== Records for the task

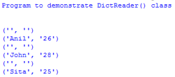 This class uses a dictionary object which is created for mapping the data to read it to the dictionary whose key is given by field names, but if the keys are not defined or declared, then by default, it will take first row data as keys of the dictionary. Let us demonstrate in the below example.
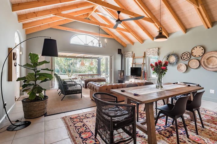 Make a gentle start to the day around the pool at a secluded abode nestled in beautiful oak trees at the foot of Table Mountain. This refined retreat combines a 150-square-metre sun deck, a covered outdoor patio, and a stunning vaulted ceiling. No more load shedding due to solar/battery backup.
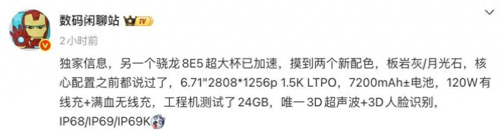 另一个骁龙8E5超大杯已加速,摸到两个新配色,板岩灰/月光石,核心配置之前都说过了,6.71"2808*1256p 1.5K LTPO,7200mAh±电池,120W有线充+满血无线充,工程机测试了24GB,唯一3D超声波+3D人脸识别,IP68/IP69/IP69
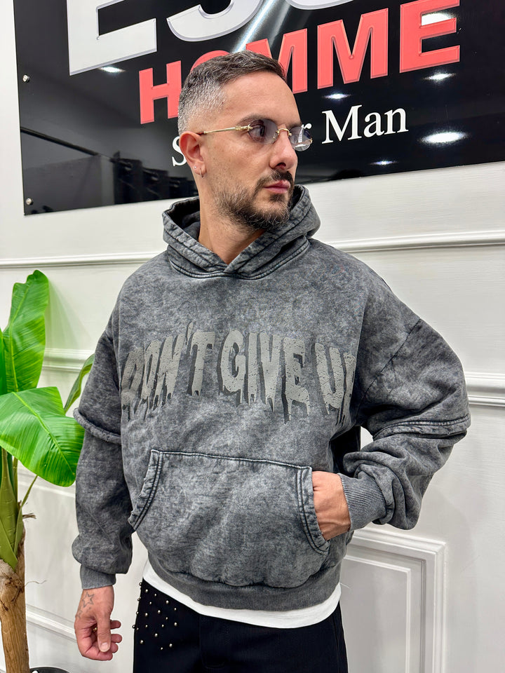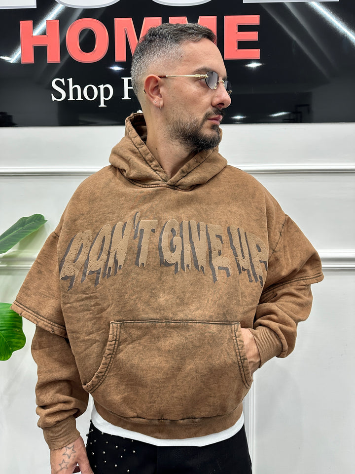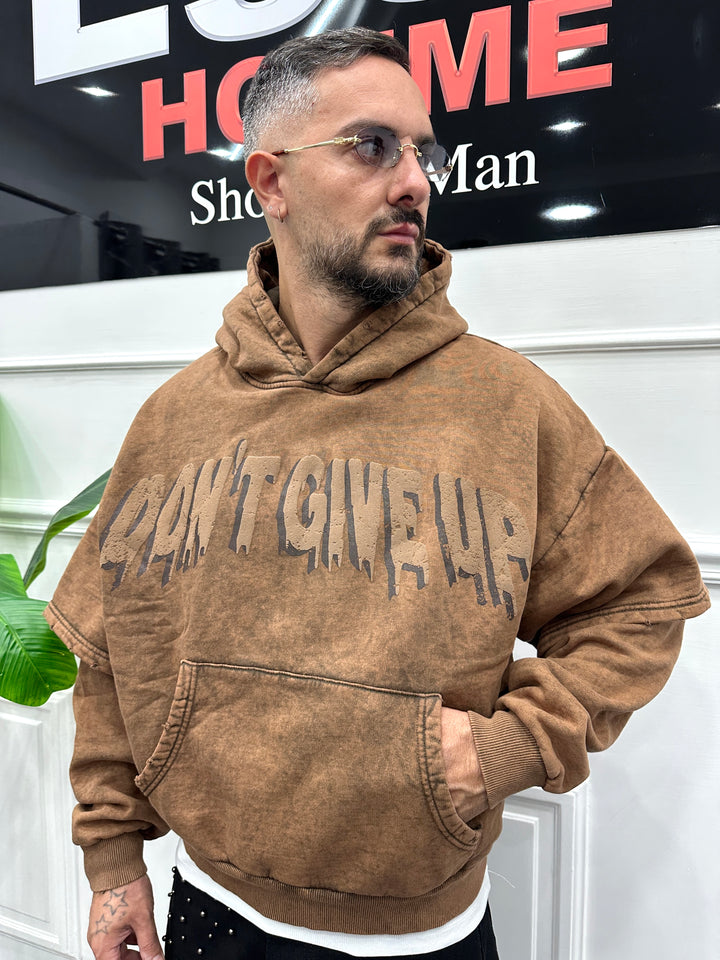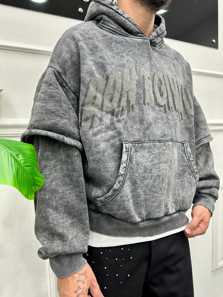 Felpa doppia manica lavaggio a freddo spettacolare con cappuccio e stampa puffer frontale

====
== Records for the task

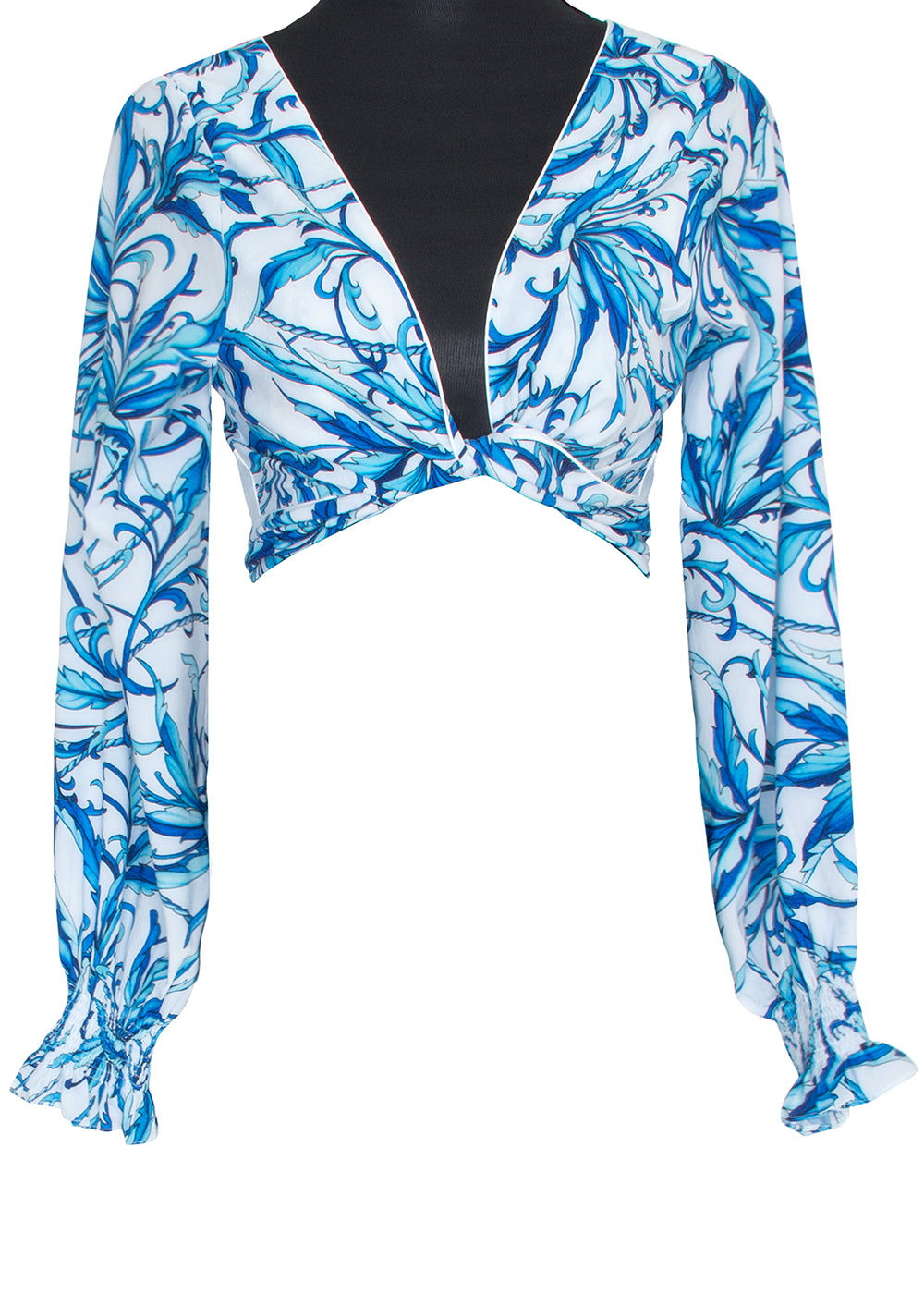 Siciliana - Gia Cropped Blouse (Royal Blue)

====

Task requirements: Your answer must be the lines above from the one holding "This class uses" up to and including the one holding "Felpa doppia manica", exact and with no pictures.

Solution to this task:
 This class uses a dictionary object which is created for mapping the data to read it to the dictionary whose key is given by field names, but if the keys are not defined or declared, then by default, it will take first row data as keys of the dictionary. Let us demonstrate in the below example.
 Make a gentle start to the day around the pool at a secluded abode nestled in beautiful oak trees at the foot of Table Mountain. This refined retreat combines a 150-square-metre sun deck, a covered outdoor patio, and a stunning vaulted ceiling. No more load shedding due to solar/battery backup.
 另一个骁龙8E5超大杯已加速,摸到两个新配色,板岩灰/月光石,核心配置之前都说过了,6.71"2808*1256p 1.5K LTPO,7200mAh±电池,120W有线充+满血无线充,工程机测试了24GB,唯一3D超声波+3D人脸识别,IP68/IP69/IP69
 Felpa doppia manica lavaggio a freddo spettacolare con cappuccio e stampa puffer frontale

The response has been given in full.